SE-0243: Codepoint and Character Literals

Vogel · March 5, 2019, 9:11pm

I accept this argument and retract my previous argument about alternative encodings.

I would support an ExpressibleByUnicodeScalarLiteral improvement with new _ExpressibleByBuiltinUnicodeScalarLiteral conformances:

extension UTF8 {
    //get rid of the old typealias to UInt8. Leave UInt8 alone!:
    struct CodeUnit: _ExpressibleByBuiltinUnicodeScalarLiteral, ExpressibleByUnicodeScalarLiteral {
        //8-bit only, compiler-enforced. Custom types can also use UTF8.CodeUnit as its UnicodeScalarLiteralType:
        typealias UnicodeScalarLiteralType = CodeUnit

        var value: UInt8
    }
}

This would use the well-known double quotes. It would add compiler-enforced 8- and 16-bit code unit types.

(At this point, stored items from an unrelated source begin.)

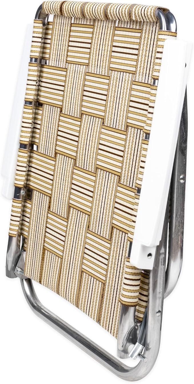 Lawn Chair USA Folding Aluminum Outdoor Patio Lawn Chair | Heavy-Duty Webbed Chairs for Camping, Sports, Beach, Yard & Tailgating | Lightweight Portable | High Back Beach Chair - Tan Stripe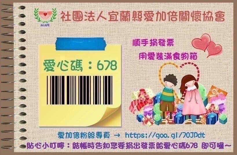 小額線上捐款: https://www.yilanagape.org/donate.html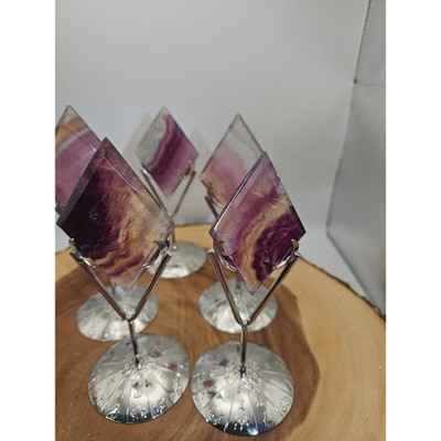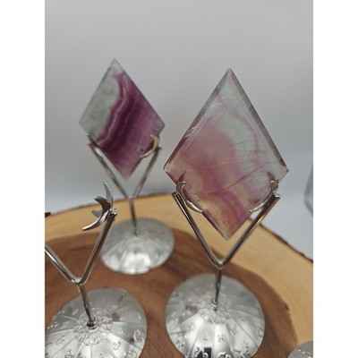 1 Each Natural Rainbow Fluorite Diamond W/ Zodiac stand
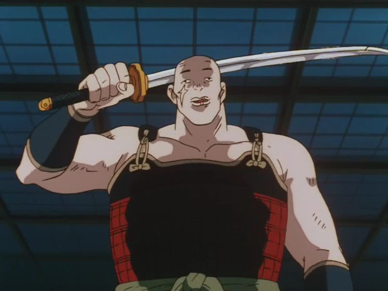 Widoczny ekwipunek: Wakizashi przy lewej nodze. Katana z białą rękojeścią w czerwonej pochwie przy pasie od lewej strony, katana przy lędźwi w czarnej pochwie.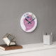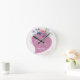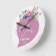 A lovely Mother's Day clock features a botanical theme with watercolor wildflowers and a large heart flush purple graphic design made up of various flowers against a watercolor background. The word "MOM" is written in white script and a graphic plush purple heart. Customise this to suit your occasion today from TheGiftsHub with matching products.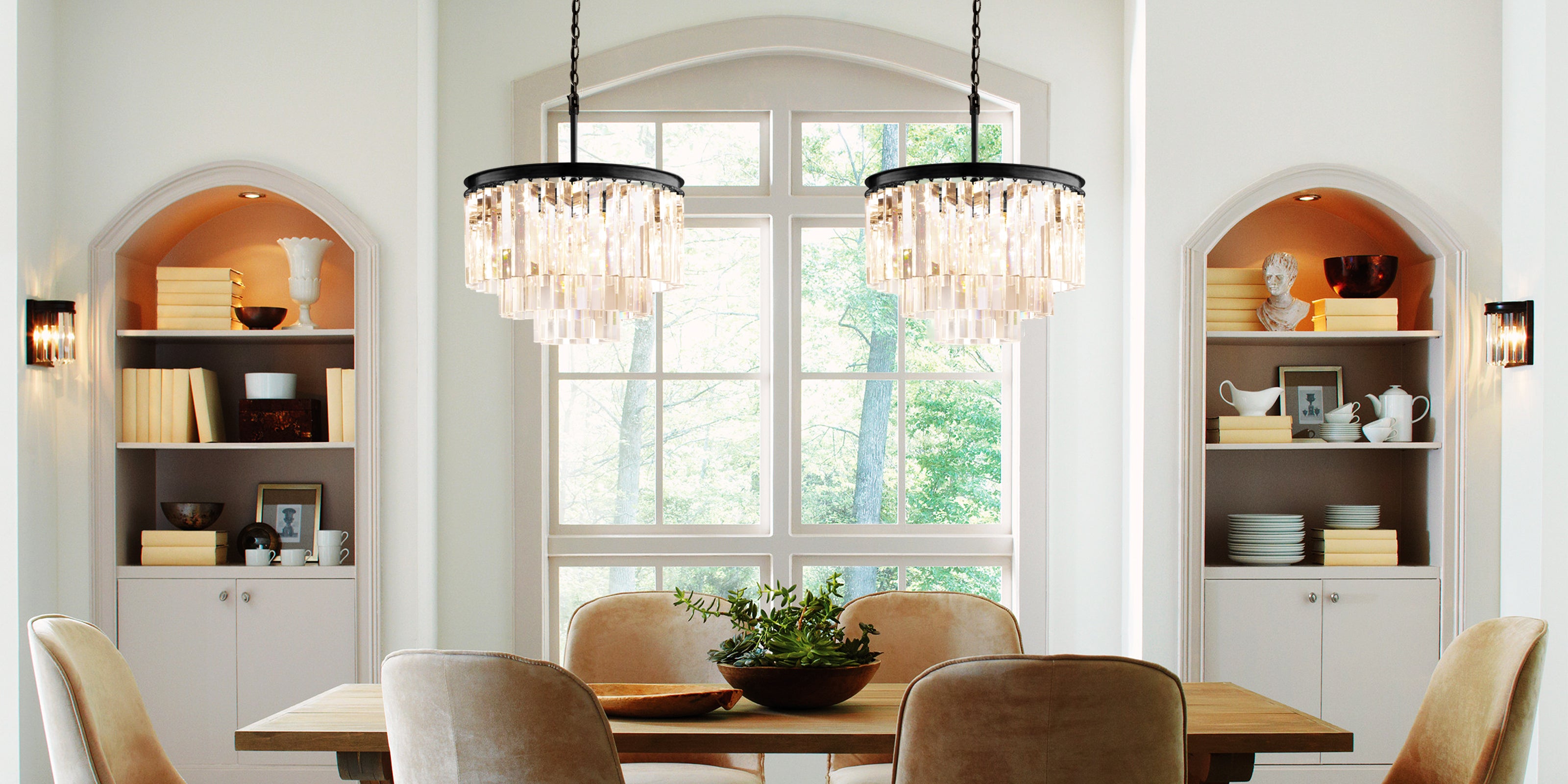 Sleek Black metal accents paired with dazzling clear crystal glass sticks create a minimalist yet eye-catching design. Perfect for entryways, dining rooms, or living areas, this crystal chandelier adds a touch of sophistication to any space.
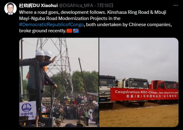 “路在哪里,发展就在哪里,”7月18日,在形容中企与刚果(金)的基建合作项目时,中国外交部非洲司司长杜晓辉在社交媒体X平台发布推文写道。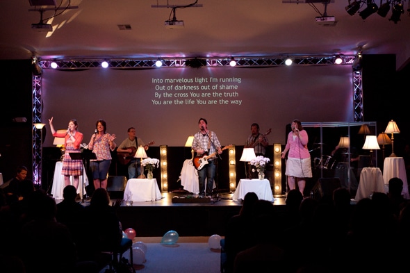 Throughout the service they slowly transitioned the stage to a bright white scene to show the congregation the transition from dark to light.

It would not pollute Integer APIs at all.

The only problem of course is that changing the Element of String.UTF8View etc. would be a breaking change (It is using UTF8.CodeUnit). Maybe there needs to be a String.betterUTF8View (or whatever other name) and the old utf8View etc. would just be deprecated.

Everyone that wants to mess around with code units can then use types like [UTF8.CodeUnit] instead of [UInt8]